Sir Leonard Tilley was not born when his great-grandfather died, but had a clear recollection of his great-grandmother, who lived for about four years after he came to reside in St. John. James Tilley, the grandfather of Sir Leonard, was also a grantee of Parrtown, he having purchased for a trifling sum, when a boy, a lot on Princess Street, which had been drawn by some person who was anxious to dispose of it. James Tilley was a resident of Sunbury County and a magistrate there for a great many years, dying in the year 1851. Sir Leonard Tilley's father, Thomas Morgan Tilley, was born in 1790, and served his time with Israel Gove, who was a house-joiner and builder. He spent his early days as a lumberman, getting out ship timber, his operationsbeing carried on mainly at Tantiwanty, in the rear of Upper Gagetown. He afterwards went into business at Gagetown, and kept a store there down to the time of his death, which took place in 1870. Sir Leonard's great-grandmother, on his father's side, was Mary Chase, of the Chase family of Massachusetts, she having come from Freetown, in that state. Sir Leonard's mother was Susan Ann Peters, daughter of William Peters, who was for many years a prominent farmer in Queens County, and a member of the legislative assembly. William Peters owned a large property and had one of the finest tracts of land possessed by any man in the province in his day. But he was unwise enough to sell it for the purpose of obtaining money with which to enter into lumbering with William Wilmot, the father of L. A. Wilmot, and, being unsuccessful in his operations, his whole fortune was swept away. The ancestors of William Peters were from New York state, from which they came with the rest of the Loyalists in 1783.
EARLY EDUCATION
The house in Gagetown in which the future governor of New Brunswick and finance minister of Canada was born, is still standing and is now used as a hotel. Gagetown was at that period, and still is, one of the most beautiful places in New Brunswick. The river St. John flows in front of it, and Gagetown Creek, which is almost as wide as the river, laves its shores. The land in the vicinity is fertile, and fine old trees line the streets, givingan air of beauty and refinement to the locality. Sir Leonard was named after his uncle, Samuel Leonard Peters, and the latter was named after an English schoolmaster named Samuel Leonard, who was a great favourite with William Peters, the grandfather of the subject of this biography. Samuel Leonard, after leaving Gagetown, appears to have removed to Nova Scotia, and probably died in that province. When Sir Leonard was five years old he was sent to the Madras School in Gagetown, of which Samuel Babbitt was the teacher. He attended this school from 1823 until 1827, when the grammar school was instituted in Gagetown. The Madras school system was at that time in high favour with the people of the province, and these schools received large grants from the government, it being thought that this system was more advantageous than any other for the instruction of youth. This idea, however, did not prove to be universally correct, for in the course of a few years we find the legislature declaring that while they believed the Madras system suitable to towns and populous places, it did not answer so well in rural districts. Samuel Babbitt, the teacher of the Madras School, was clerk of the parish, and, according to the custom of that day, led the responses in church. The rector of Gagetown at this period was the Rev. Samuel Clark. The teacher of the local grammar school which young Tilley attended from 1827 to 1831 was William Jenkins, a graduate ofDublin University. Jenkins was a very severe man, and believed in the doctrine that he who spares the rod spoils the child, and Sir Leonard had a very vivid recollection of the vigour with which he applied the birch. He removed from Gagetown shortly after 1831, and took up his residence in Quebec, where he conducted a large school for many years, dying about the year 1863. Sir Leonard, after he had become a well-known political character and a member of the government of New Brunswick, had the pleasure of paying him a visit some time in 1858.

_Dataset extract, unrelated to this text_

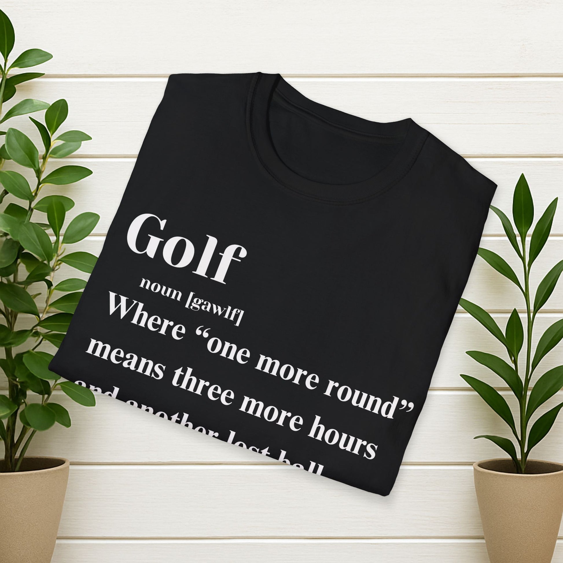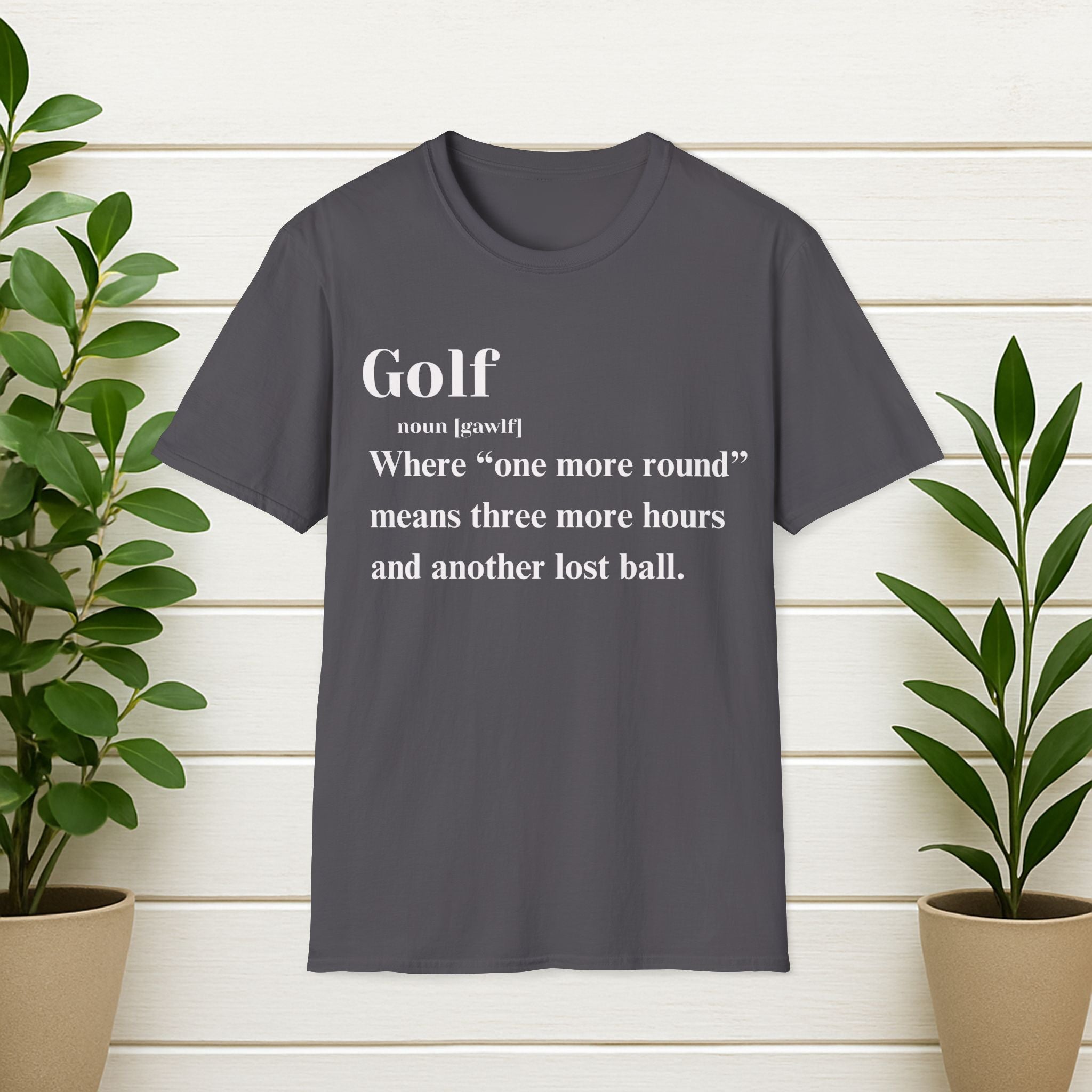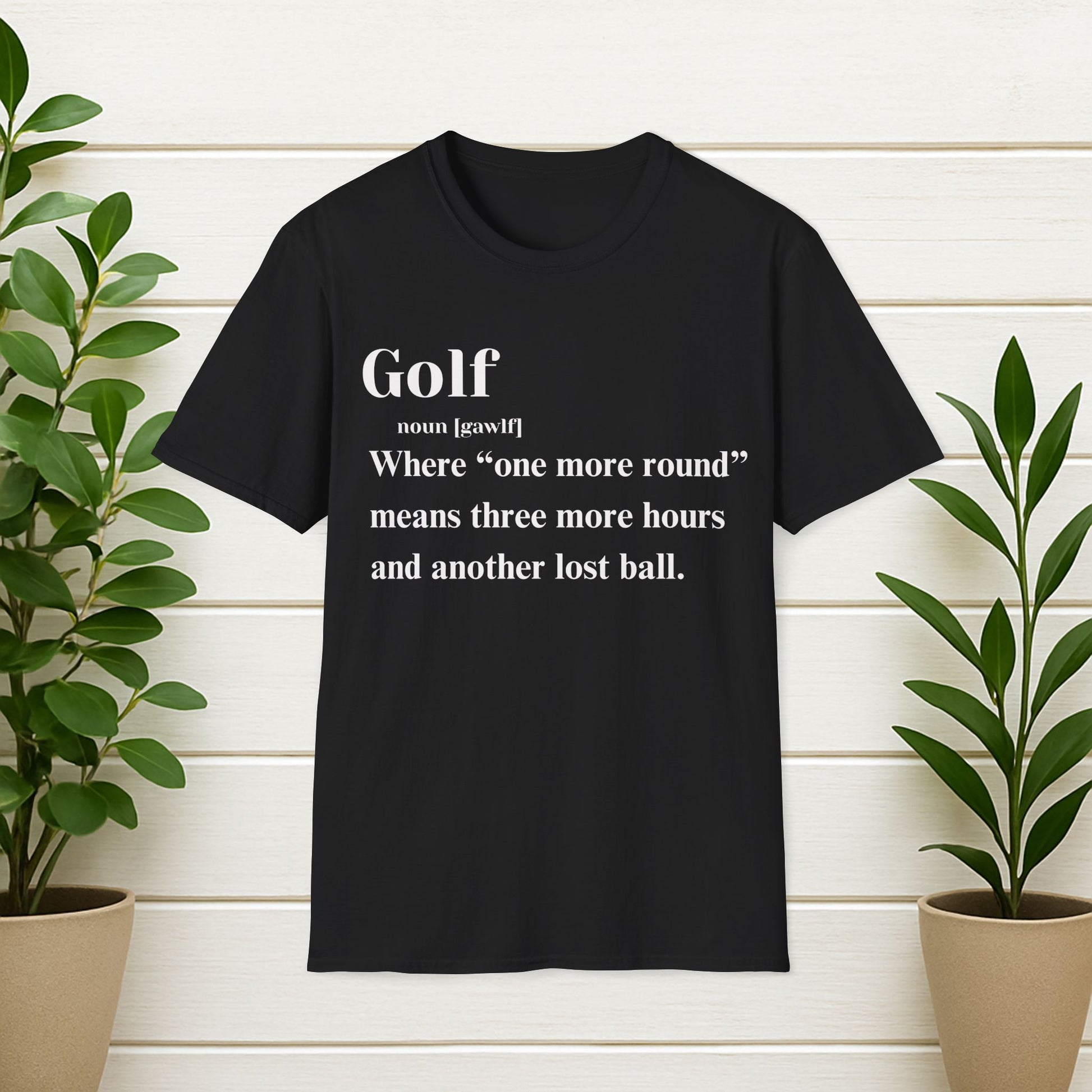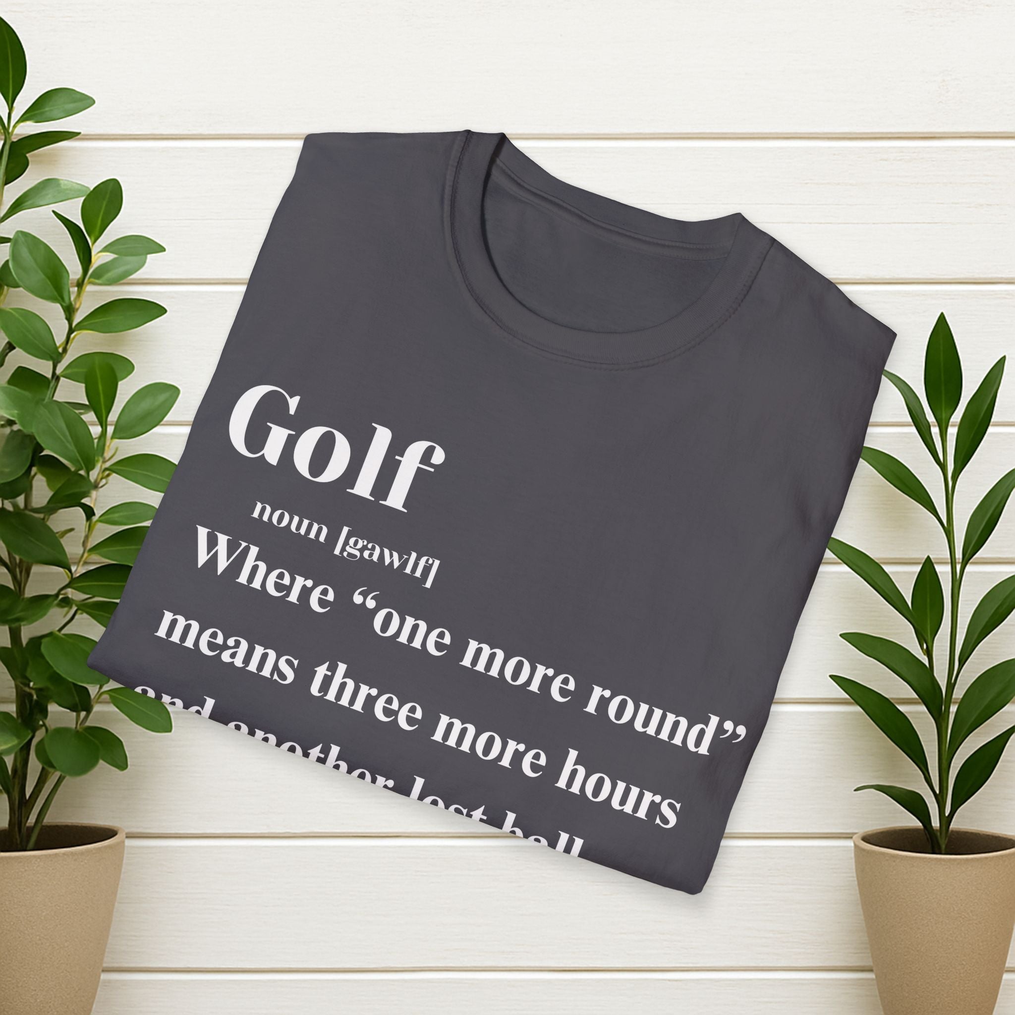 Golf Definition T-Shirt — "Where 'one more round' means three more hours and another lost ball"

An interesting incident occurred in 1827, at the time young Tilley commenced to attend the grammar school. Sir Howard Douglas, who was then governor of New Brunswick, paid a visit to Gagetown and was the guest of Colonel Harry Peters, the speaker of the House of Assembly. While the governor and his host were walking through Gagetown, they met young Tilley and a son of Harry Peters returning from school, and the boys were introduced to His Excellency, who presented each of them with a Spanish quarter-dollar. Sir Leonard could remember and often spoke of the appearance of Sir Howard Douglas, dressed in a blue coat with brass buttons, a fine-looking gentleman, with a pleasant face and a kindly smile. Little thought the then governor of New Brunswick that the boy to whom he was speaking, a lad of nine years of age, would fifty yearslater sit in his own chair in the government house.
ENTERS ON BUSINESS LIFE
Young Tilley was not the kind of youth likely to be satisfied to reside all his life in Gagetown. Other boys of less ambition might be content to settle down on the farm and to fulfil their destinies within the comparatively limited sphere of action which that little town in Queens County afforded, but he had within him longings for a higher destiny than he was likely to attain as a resident of a rural district.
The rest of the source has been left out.